ACTIVITY ▸ The copy should hold exactly the lines below from the one that contains "Het eindresultaat is" through the one that contains "To check if" and nothing else, so no pictures.

RECORDS FOR THE EXERCISE ▸
————

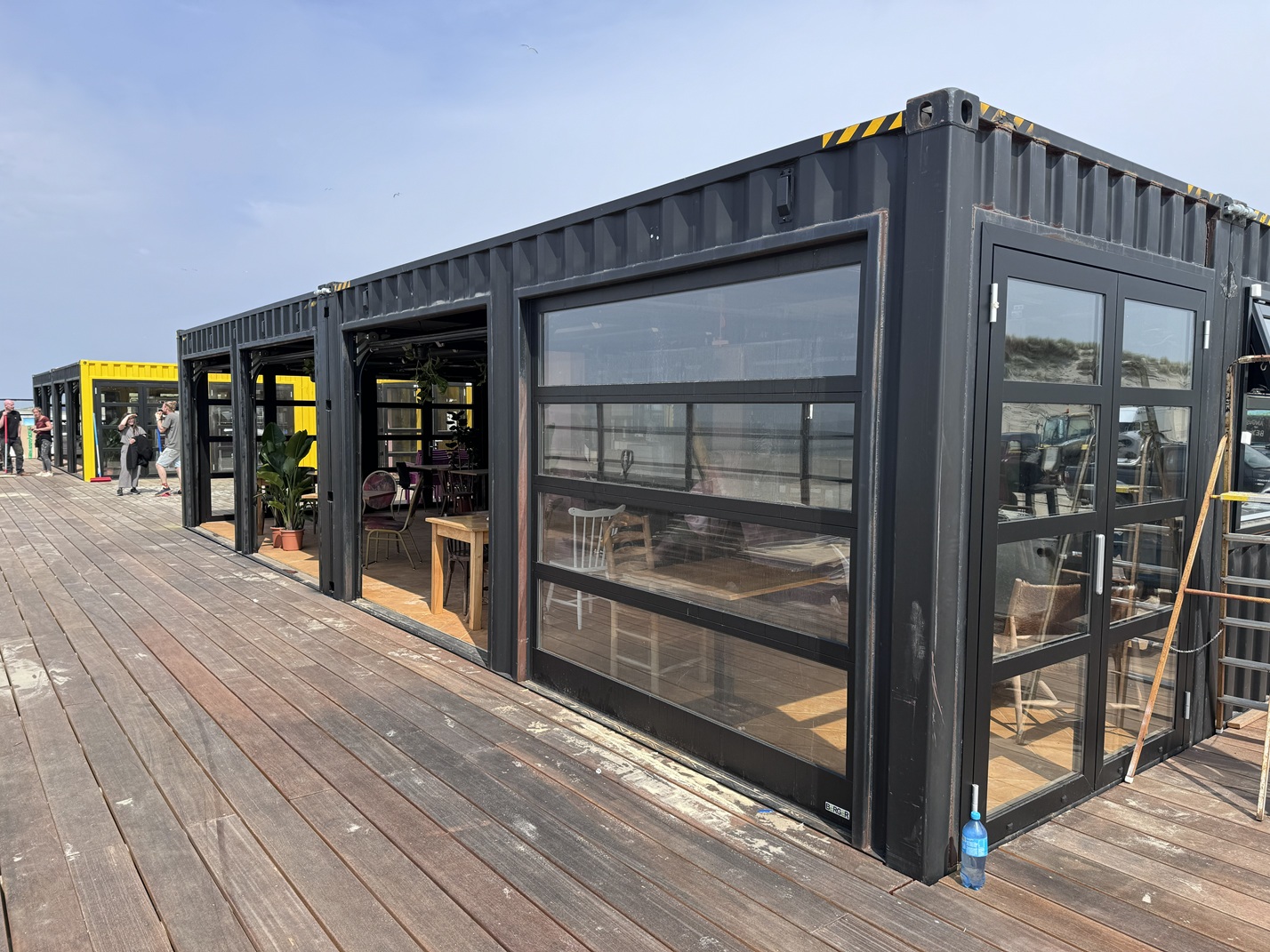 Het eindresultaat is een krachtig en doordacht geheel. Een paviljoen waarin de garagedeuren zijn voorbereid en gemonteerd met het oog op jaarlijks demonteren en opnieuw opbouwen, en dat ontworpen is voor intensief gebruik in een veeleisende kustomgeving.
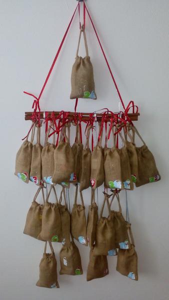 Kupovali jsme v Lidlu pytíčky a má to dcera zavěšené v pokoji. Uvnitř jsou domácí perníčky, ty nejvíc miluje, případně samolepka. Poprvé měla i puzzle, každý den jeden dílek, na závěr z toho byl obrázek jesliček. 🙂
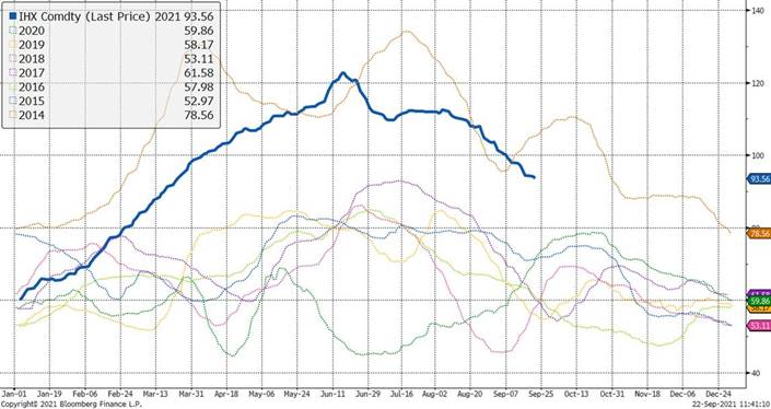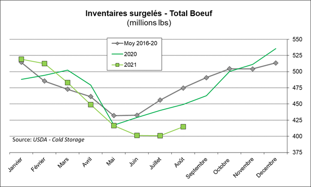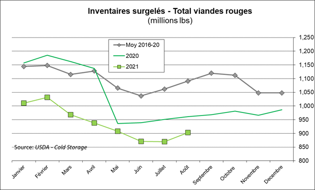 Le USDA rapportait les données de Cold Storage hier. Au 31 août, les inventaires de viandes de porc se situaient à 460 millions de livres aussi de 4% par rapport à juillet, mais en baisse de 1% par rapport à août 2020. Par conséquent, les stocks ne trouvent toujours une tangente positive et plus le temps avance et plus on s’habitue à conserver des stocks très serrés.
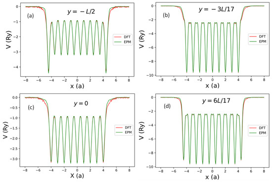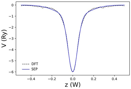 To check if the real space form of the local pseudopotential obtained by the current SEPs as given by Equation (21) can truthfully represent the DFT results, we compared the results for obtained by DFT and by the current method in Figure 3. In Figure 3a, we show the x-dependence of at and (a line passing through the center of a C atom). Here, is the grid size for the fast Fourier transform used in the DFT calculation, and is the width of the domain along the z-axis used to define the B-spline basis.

————

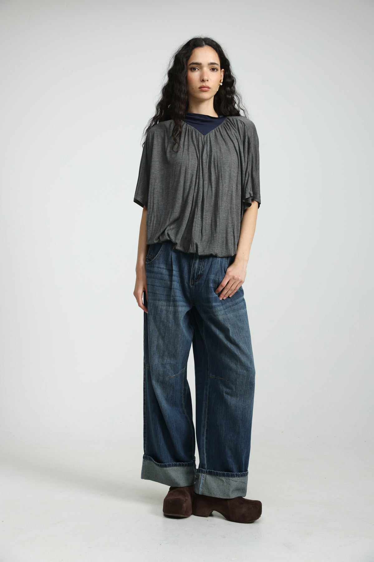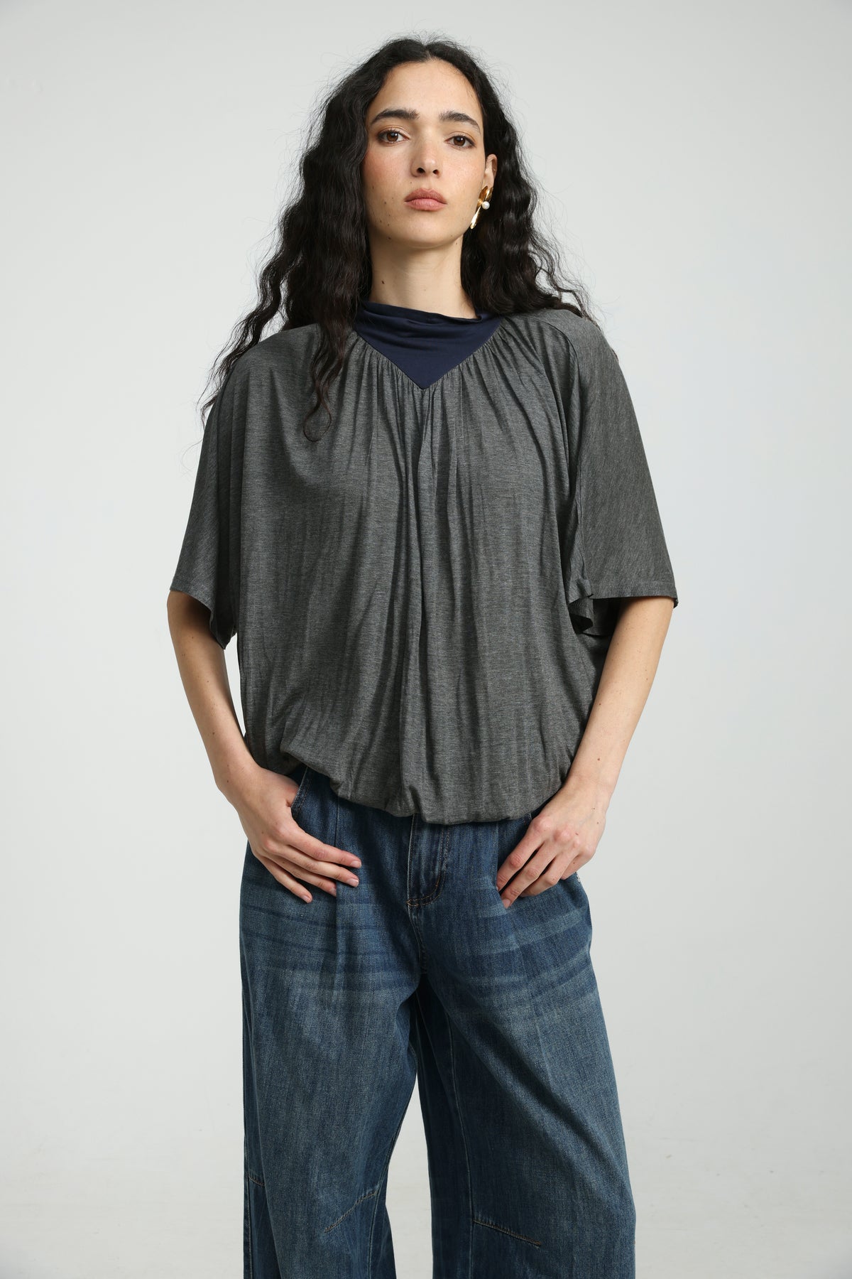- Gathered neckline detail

————

EXERCISE OUTPUT ▸
 Het eindresultaat is een krachtig en doordacht geheel. Een paviljoen waarin de garagedeuren zijn voorbereid en gemonteerd met het oog op jaarlijks demonteren en opnieuw opbouwen, en dat ontworpen is voor intensief gebruik in een veeleisende kustomgeving.
 Kupovali jsme v Lidlu pytíčky a má to dcera zavěšené v pokoji. Uvnitř jsou domácí perníčky, ty nejvíc miluje, případně samolepka. Poprvé měla i puzzle, každý den jeden dílek, na závěr z toho byl obrázek jesliček. 🙂
 Le USDA rapportait les données de Cold Storage hier. Au 31 août, les inventaires de viandes de porc se situaient à 460 millions de livres aussi de 4% par rapport à juillet, mais en baisse de 1% par rapport à août 2020. Par conséquent, les stocks ne trouvent toujours une tangente positive et plus le temps avance et plus on s’habitue à conserver des stocks très serrés.
 To check if the real space form of the local pseudopotential obtained by the current SEPs as given by Equation (21) can truthfully represent the DFT results, we compared the results for obtained by DFT and by the current method in Figure 3. In Figure 3a, we show the x-dependence of at and (a line passing through the center of a C atom). Here, is the grid size for the fast Fourier transform used in the DFT calculation, and is the width of the domain along the z-axis used to define the B-spline basis.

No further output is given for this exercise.